A Quick Guide to Escape Room Games!
Posted by GAMEOLOGY
Escape rooms are awesome cooperative team-building experiences—for friends, families and even workplaces! With escape room board games, you can bring all the puzzly cooperation to the comfort of your living room!
But with so many different brands out there, how do you know where to start? Which escape room game is best for you and your group?
With this quick guide to escape room games, we’ll give you a quick rundown of some of our most popular brands/series!
Unlock!
Unlock escape room games are less escape room and more timed adventure full of puzzles! The free Unlock app is essential to play and acts as a timer, investigation tool, hint provider, and immersive soundtrack!
What’s unique about Unlock is that the whole escape room is essentially a deck of cards (plus the occasional leaflet here and there)! Yet somehow, every different adventure (as they are officially called) manages to capture its theme in innovative new mechanics!
Without spoiling anything - the app provides a lot of fun new ways to utilise what at first appears to be a simple deck of cards!
Plus, because most of the investigation and discovery is done through simply looking through the cards for clues and interacting via the app, none of the components are damaged in the process of playing meaning that you can pass the game onto a friend or resell it once you have played through all the adventures!
In regards to theme, the Unlock stories tend towards the fantastical and fictional, rather than the gritty and realistic—often drawing inspiration from fiction like Alice in Wonderland or Jurassic Park.
The Unlock games are offered in either a three adventure box or a single adventure box.
Gameology recommends:
Unlock Exotic Adventures (three adventure box) -https://www.gameology.com.au/collections/unlock/products/unlock-exotic-adventures
Unlock The Adventures of Oz (single adventure box) -https://www.gameology.com.au/products/unlock-the-adventures-of-oz
Exit
The Exit games are another hugely popular escape room game created by husband and wife, Inka and Markus Brand.
Where Exit differs from Unlock is in its tactility. Where Unlock relies on just a deck of cards and an app, Exit is an experience full of ripping, cutting, scribbling, and overall destroying. In order to solve the puzzles, components must be destroyed—there’s no way around it.

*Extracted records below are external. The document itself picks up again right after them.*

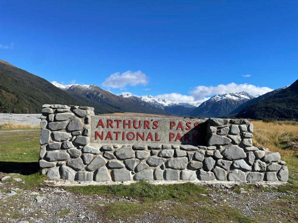 After the prolonged briefing, going bit by bit through the van with a lovely German backpacker, we finally set off towards Arthur’s Pass. Below the Pass we stopped for the night in a park, to power up our battery, and learn how to make the bed, switch things on and off, all pretty straight forward actually! The cold night taught us to close the vent over the bed and add an extra blanket.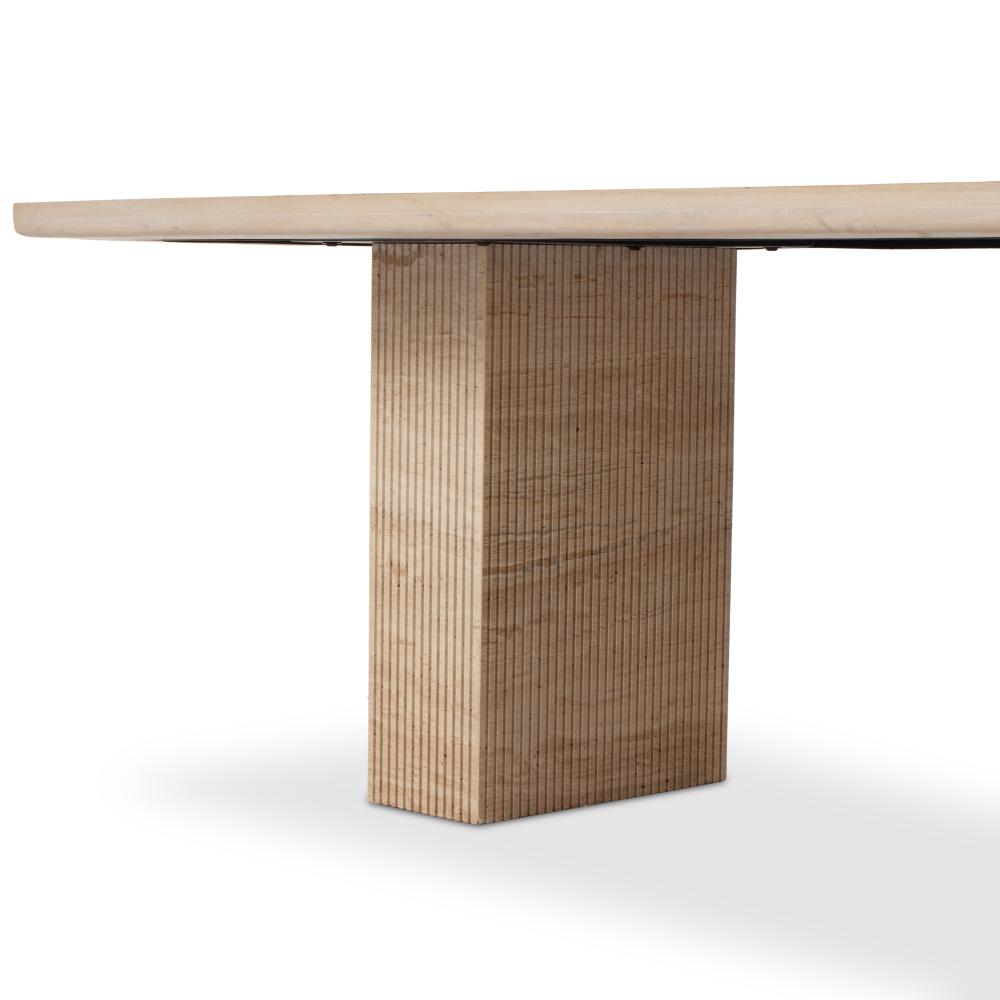 Solid Marble Reeded Double Pedestal Base Rectangle Dining Table White Oak Wood 84 inch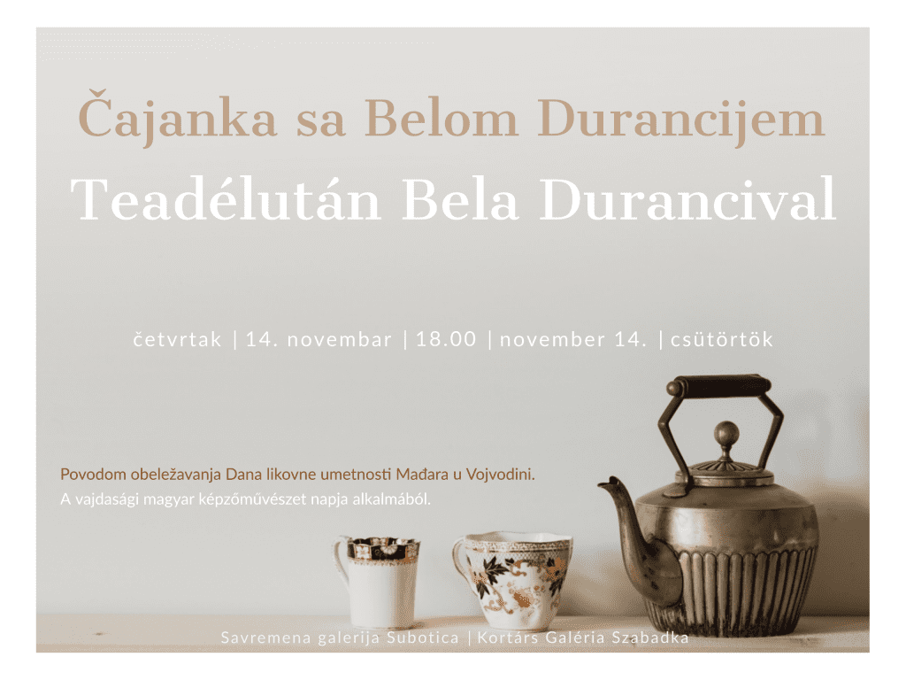 Povodom Dana likovne umetnosti Mađara u Vojvodini u četvrtak, 14. novembra, u 18 sati u Savremenoj galeriji Subotica održaće se čajanka sa Belom Durancijem, istoričarom umetnosti.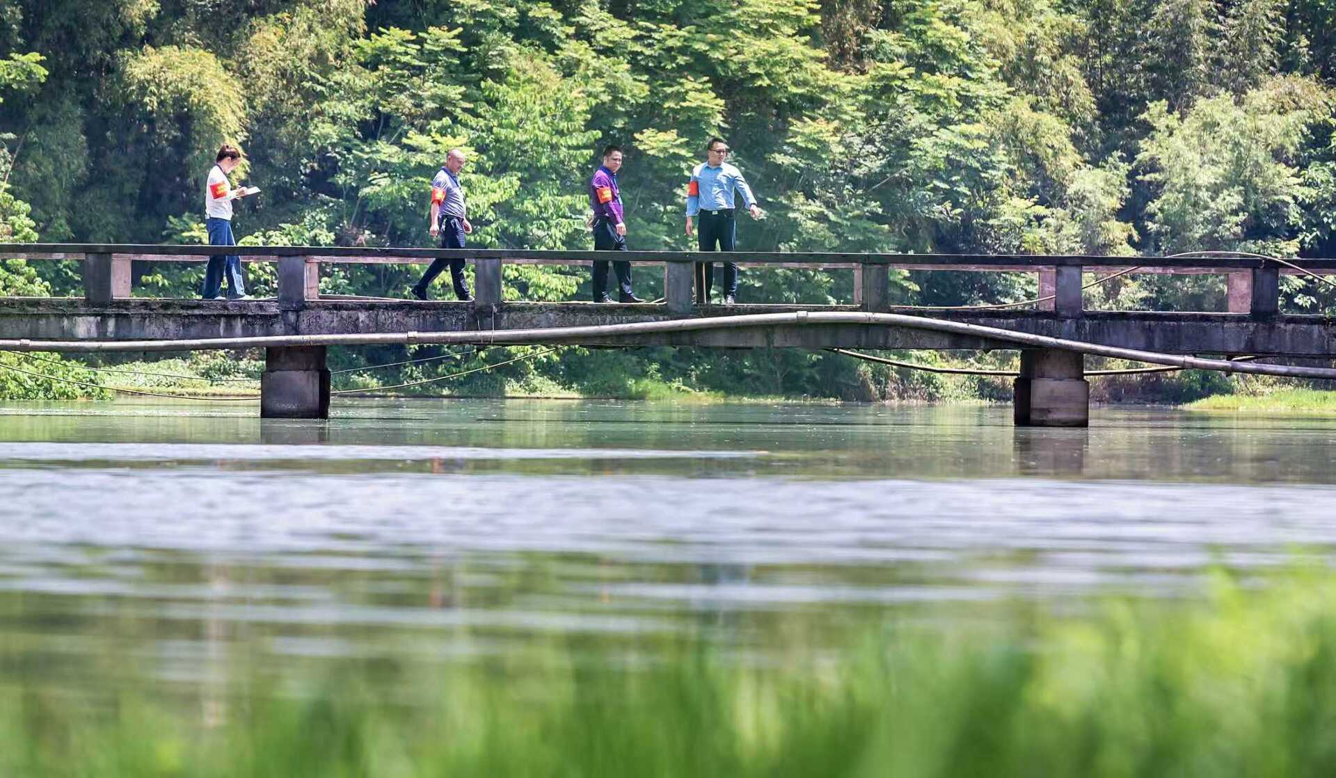 工作人员在花溪河巡河。巴南区融媒体中心供图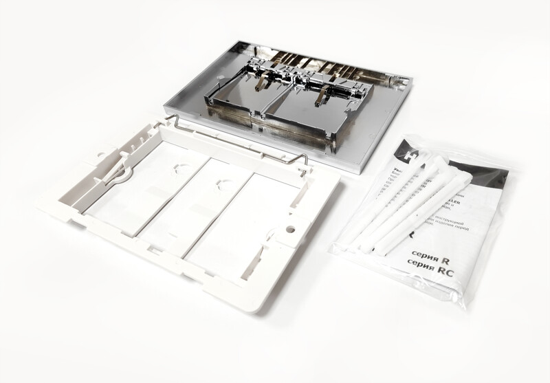 Клавиша слива для инсталляции. Устанавливается фронтально и состоит из двух клавиш управления. Экономичный режим, включаемый малой клавишей, уменьшает расход воды. Полный сливает всю воду из бачка и обеспечивает качественную очистку чаши.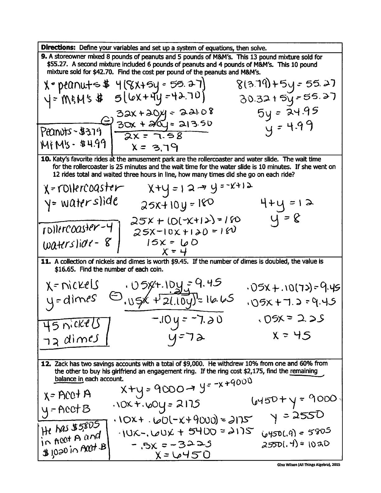 - Offers detailed solutions for systems of equations using elimination methods.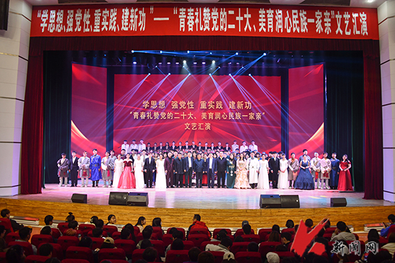 4月26号晚,FH体育(国际)官方网站“学思想、强党性、重实践、建新功”——“青春礼赞党的二十大、美育润心民族一家亲”文艺汇演在学校礼堂倾情上演,校领导、校直单位党政负责人、少数民族师生代表共聚一堂,观赏了这场思想与艺术完美结合的文化盛宴。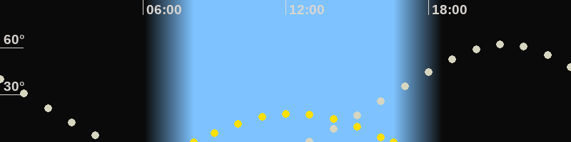 Höchster Sonnenstand (Kulmination)12:19 Uhr (h = 18.2°)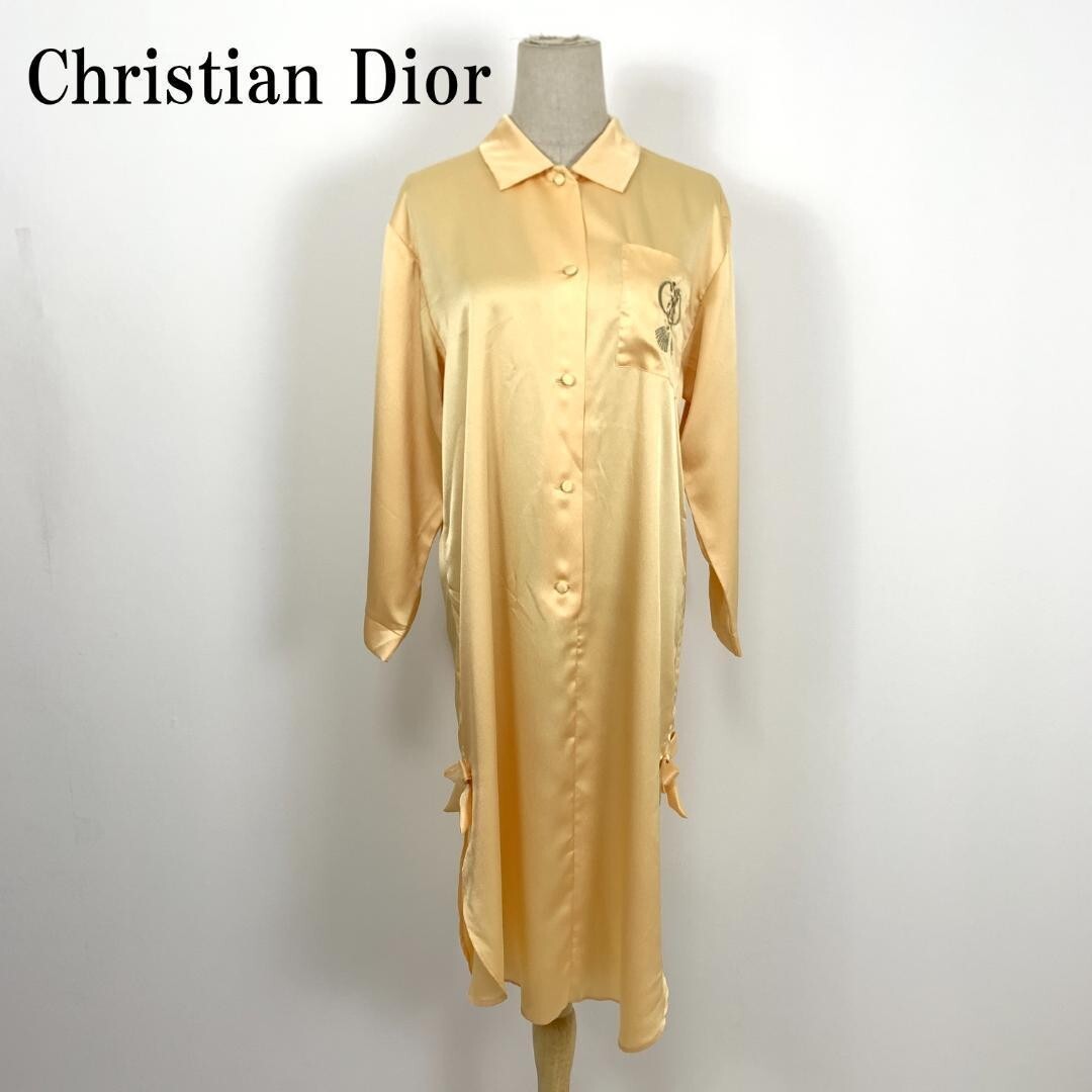 - LA7632 クリスチャンディオール Christian Dior ペールオレンジ ハーフボタン ルームウェア ポリエステル 長袖シャツワンピース M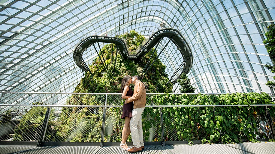 This enclosed conservatory is a forest of illusion with its 35 metre tall mountain, covered in greenery and the world’s highest man-made waterfall indoors! The structure is temperature controlled and makes for some truly unique photos at different times of the day.

However, this is what gives Exit such thrilling tangibility. If you’ve ever played a legacy board game and felt the joy of permanently altering the board with a sticker or tearing up a character sheet, that’s the feeling you get from an Exit game.
Unfortunately, this glorious permanence of the Exit puzzles mean that these games are not replayable or resellable in any way. Once it’s been played through once—into the recycling bin it goes.
Additionally, the themes found in the Exit games are a lot more realistic and horror/thriller based, compared to the more fantastical Unlock stories.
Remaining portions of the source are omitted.